About this task
Pictures excluded, return every entry exactly, please.

(Records from a collection)
::::

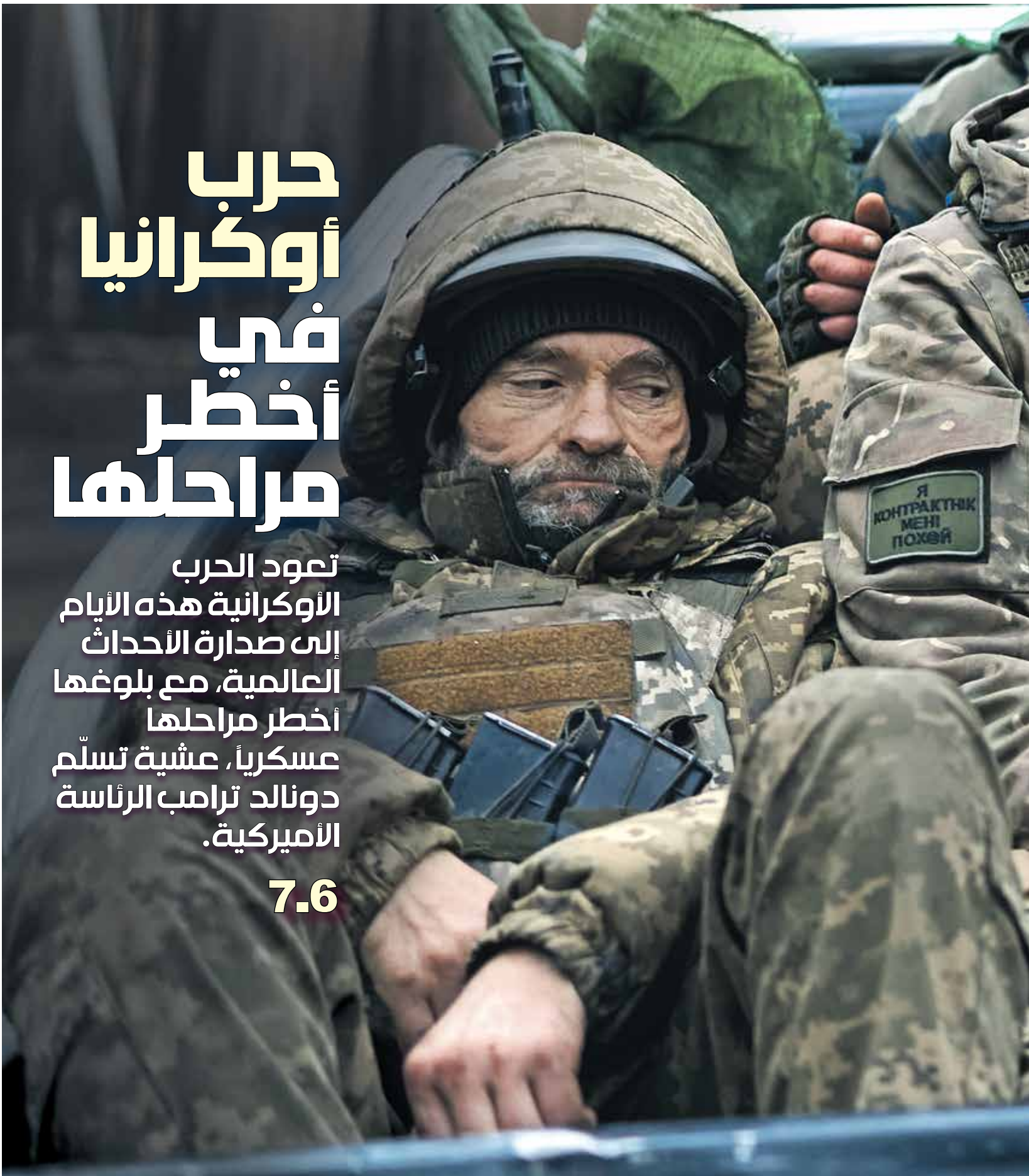
استراحة جندي أوكراني في منطقة كريمينا، 10 نوفمبر 2024

تعود الحرب الأوكرانية هذه الأيام إلى صدارة الأحداث العالمية، مع بلوغها أخطر مراحلها عسكرياً، عشية تسلّم دونالد ترامب الرئاسة الأمريكية. 7.6
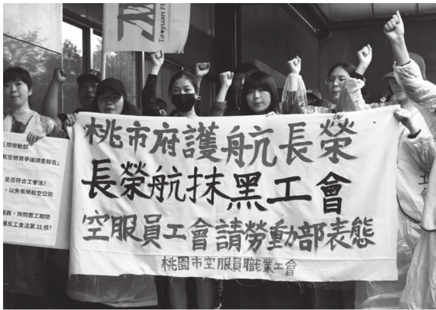
▲桃園市空服員職業工會6日赴勞動部抗議，痛批桃園市勞動局及長榮航空刻意抹黑工會。

民進黨立委蔡適應擔心，如果索羅門或是其他邦交國關係生變，我國會不會拿不回以往對這些國家的基礎建設補助款？吳釗燮回應，以往的薩爾瓦多或是其他邦交國的基建方案都是屬於商業貸款，國家一定會償還國際間的商業貸款，不然以後就會借不到錢，未來援助計畫如有生變，我國都會拿到補償。
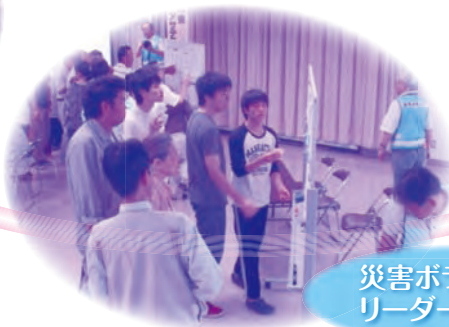
災害ボランティア リーダーの養成に
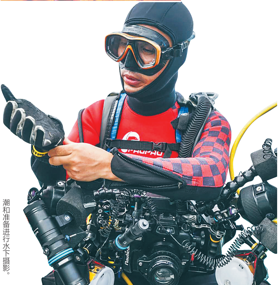
潮和准备进行水下摄影。

枪虾虽小,但也是带“枪”的,这只生活在菲律宾海域火焰海胆身上枪虾只有1.5cm长,比海胆的刺大不了多少。
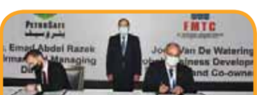
مذكرة تفاهم لشركة بتروسيف مع شركة Fmtc.

::::

Exercise result
استراحة جندي أوكراني في منطقة كريمينا، 10 نوفمبر 2024

تعود الحرب الأوكرانية هذه الأيام إلى صدارة الأحداث العالمية، مع بلوغها أخطر مراحلها عسكرياً، عشية تسلّم دونالد ترامب الرئاسة الأمريكية. 7.6
▲桃園市空服員職業工會6日赴勞動部抗議，痛批桃園市勞動局及長榮航空刻意抹黑工會。

民進黨立委蔡適應擔心，如果索羅門或是其他邦交國關係生變，我國會不會拿不回以往對這些國家的基礎建設補助款？吳釗燮回應，以往的薩爾瓦多或是其他邦交國的基建方案都是屬於商業貸款，國家一定會償還國際間的商業貸款，不然以後就會借不到錢，未來援助計畫如有生變，我國都會拿到補償。
災害ボランティア リーダーの養成に
潮和准备进行水下摄影。

枪虾虽小,但也是带“枪”的,这只生活在菲律宾海域火焰海胆身上枪虾只有1.5cm长,比海胆的刺大不了多少。
مذكرة تفاهم لشركة بتروسيف مع شركة Fmtc.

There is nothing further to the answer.